Download or read book Metropolitan Governance in America written by Donald F. Norris and published by Routledge. This book was released on 2016-03-09 with total page 162 pages. Available in PDF, EPUB and Kindle. Book excerpt: Metropolitan government and metropolitan governance have been ongoing issues for more than sixty years in the United States. Based on an extensive survey and a review of existing literature, this book offers a comprehensive overview of these debates. It discusses how the centrifugal forces in local government, and in particular local government autonomy, have produced a highly fragmented governmental landscape throughout America. It argues that in order for 'governance' to occur in metropolitan areas (or anywhere else, for that matter), there has to be some form of an actual governmental institution that possesses the power and ability to compel compliance. Everything else is just some form of cooperation, and while cooperation is not trivial, it does not enable metropolitan areas to address the really tough and controversial issues that divide rather than unite governments in those areas. The book examines the principal factors that prevent the development of either metropolitan government or metropolitan governance in the USA. Norris looks at several examples where some form of metropolitan government or governance can be said to exist, from voluntary cooperation (the weakest) to government (the strongest). He also examines each type of arrangement for its ability to address metropolitan-wide problems and whether each type is or is not in use in the USA. In sum, the book uncovers the extent of metropolitan government and governance, the possibility for its existence, what attempts (if any) have been made in the past, and the problems and issues that have arisen due to the lack of adequate metropolitan governance.
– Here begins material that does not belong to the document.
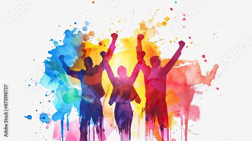 Team collaboration success flat design front view theme achievement watercolor vivid

Book The Closing of the Metropolitan Frontier

Download or read book The Closing of the Metropolitan Frontier written by Daniel Elazar and published by Routledge. This book was released on 2017-07-12 with total page 295 pages. Available in PDF, EPUB and Kindle. Book excerpt: The period from the mid-1960s to the early 1980s signaled the end of the prosperity of the postwar years enjoyed by the cities of the prairie-those cities located immediately within or adjacent to the Mississippi River drainage system, or what is usually called the American Heartland. During this period, the bottom dropped out of local economies and all collapsed except those upheld by massive state institutions. With this collapse, optimism for new opportunities ended, signaling the close of the American frontier. The Closing of the Metropolitan Frontier looks at mid-sized cities Champaign-Urbana, Decatur, Joliet, Moline, Peoria, Rockford, Rock Island, and Springfield, Illinois; Davenport, Iowa; Duluth, Minnesota; and Pueblo, Colorado. Elazar examines how they adapted to change during the period immediately after World War II, through the Vietnam War, and the Nixon years. He considers the roles of federal and state governments as instruments of change including their efforts to impose new standards and ways of doing business. The Closing of the Metropolitan Frontier analyzes the struggle between federalism and managerialism in the local political arena. In his new introduction, Daniel J. Elazar discusses this volume's place as part of a forty-year study of the cities of the prairie as well as the changes and developments in that region over that forty-year span. This volume will be of great interest to economists, political scientists, and sociologists interested in the Great Society and the New Federalism and their aftermath.